Identification and Generation of Transgenic Mice and Goats with Capra hircus SCD1 Gene
Kai Jin1,2,3, Chen Chen 1,2,3, Xinyu Sun1,2,3, Caiye Zhu1,2,3, Mahmoud F. Ahmed1,2,3,4, Qisheng Zuo1,2,3, Jiuzhou Song4 and Bichun Li1,2,3*
SCD1 and fat acid metabolism genes expression in goat. (A) Schematic diagram of SCD1 role in lipid synthesis. CE, cholesteryl esters; TG, triglycerides; WE, wax esters; PL, phospholipids; DG, diacylglycerol. (B) Effects of SCD1 on lipid accumulation and expression of genes related to lipid metabolism. (C) Variation of genes in lipid metabolism in mammary gland and muscular tissue at different developmental stages including de novo fat acid synthesis (FASN, ACACA, and PPARG), triacylglycerol synthesis (DGAT1, DGAT2, GPAM, AGPAT6, and LPIN1), triacylglycerol degradation (PNPLA2 and LIPE), fat acid uptake and intracellular transport (FABP3 and CD36), and fat acid oxidation (PPARA, ACOX1, and CPT1B) by RNA-seq.
Xuhuai goat SCD1 was highly conserved and highly expressed in juvenile dorsal longissimus and lactating mammary gland tissue. (A) Phylogenetic relationships of SCD1. Cloned gene sequence was submitted to GenBank with numbers: Homo sapiens, Ovis aris, Capra hircus, Mus musculus, Rattus norvegicus, Suss crofa, and Bos taurus. Phylogenetic relationship of these sequences was estimated by neighbor-joining algorithm using PAM distances. Branch length is proportional to amount of evolution assumed to occur in each lineage. Numbers indicate the percentage of bootstrap replications that support each node. (B) Alignment of goat and mouse SCD1 protein structure, the different amino acid is yellow line. (C) SCD1 is more highly expressed in GOAT mammary gland, liver and lung, but low expressed in muscle. Error bars represent mean value ± SEM. (* p < 0.05, ** p < 0.01). (D) Expression of SCD1 increased significantly during lactation compared with the dry period in mammary gland and lamb during adult period in muscle. Quantitative PCR data were normalized to the dry period. Error bars represent mean value ± SEM. (* p < 0.05, ** p < 0.01).

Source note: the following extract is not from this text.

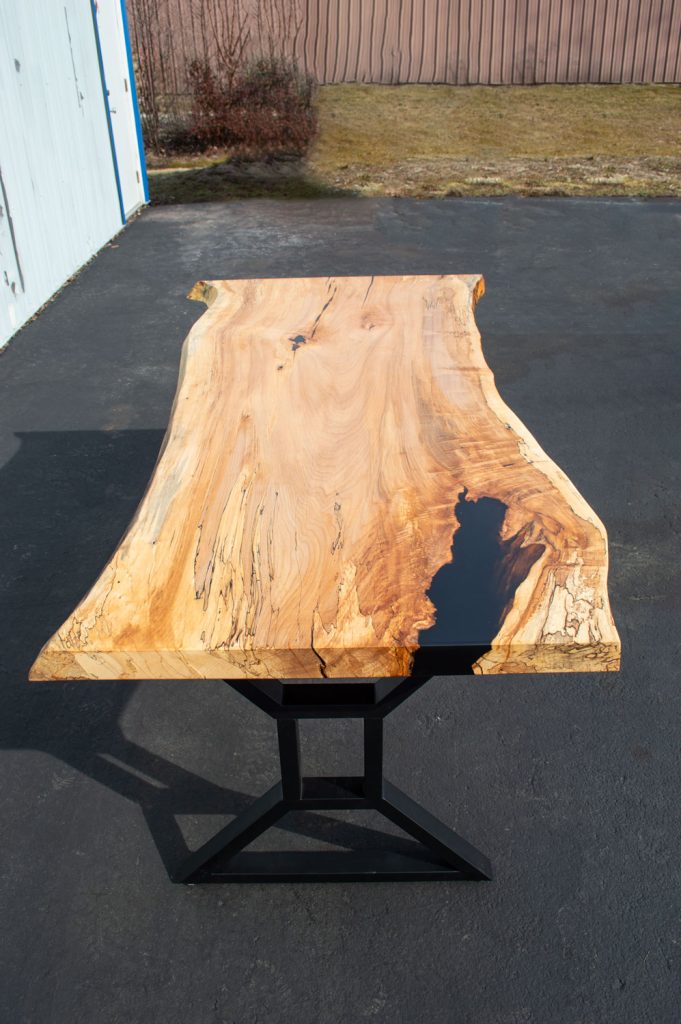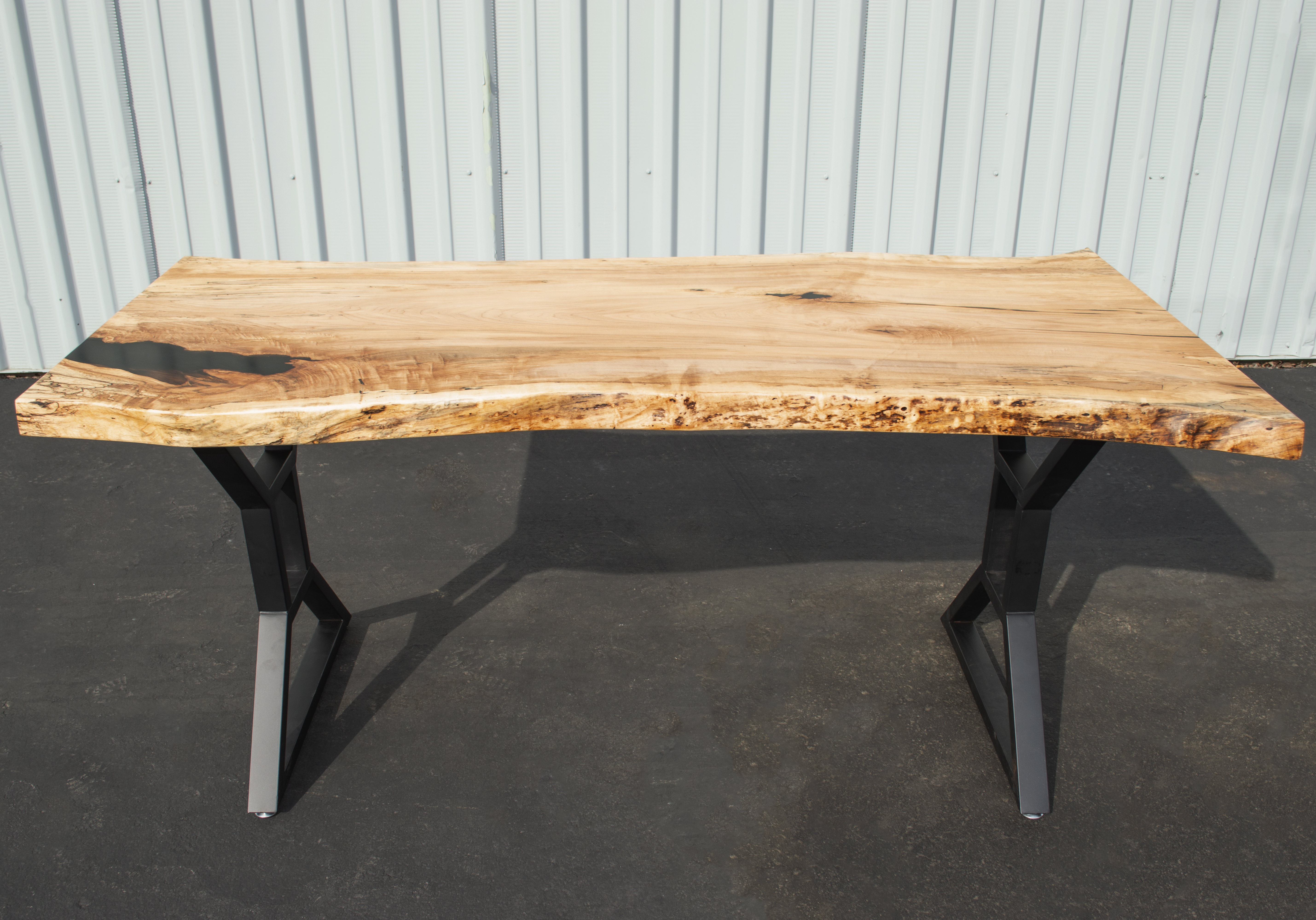 This spalted silver maple piece features striking natural spalting—an early stage of decay that adds character, color, and distinctive lines to the wood—with bold contrast throughout the grain. Its unique patterns and soft, light tones create a one-of-a-kind look that adds visual interest to any space.

Establishment of transgenic mice and stable inheritance. (A) Protocol for transgenic mice generation. The healthy adult male mice were chosen for testicle injection, and after 5 days one treated male and three healthy non-pregnant adult female mice were put in one cage. The resulting positive F1 males were mated with female mice after sexual maturity to produce F2 generation. (B) DNA PCR assay of F1 generation tail tissue. M: DL5000bp marker; 1-9, experimental group; 10: negative control; 11: positive control. (C). Western blot assay results of F1 generation. 1-9: the experimental group. (D). Number of F1 and F2 with SCD1 expression in transgenic mice. (E). Expression of SCD1 increased significantly in longissimus dorsi and crureus of F1 transgenic mice. Error bars represent mean value ± SEM. (* p < 0.05, ** p < 0.01).(F). Expression of SCD1 increased significantly in Longissimus dorsi and Crureus of F2 transgenic mice. Error bars represent mean value ± SEM. (* p < 0.05, ** p < 0.01).
Identication and generation of transgenic goat. (A) Protocol for transgenic goat production. The healthy adult male goat were chosen for testicle injection twice, and after 47 days, one treated male and three healthy non-pregnant adult female goat were mated to produce F1 generation. (B) DNA PCR assay of tail tissue in F1 generation. M, DL5000 bp marker; 1-7, experimental postive group; 8, negative control; 9, positive control. (C) Western blot assay results of F1 generation. 1-7, the experimental group. (D) Number of transgenic F1 goat with SCD1 expression.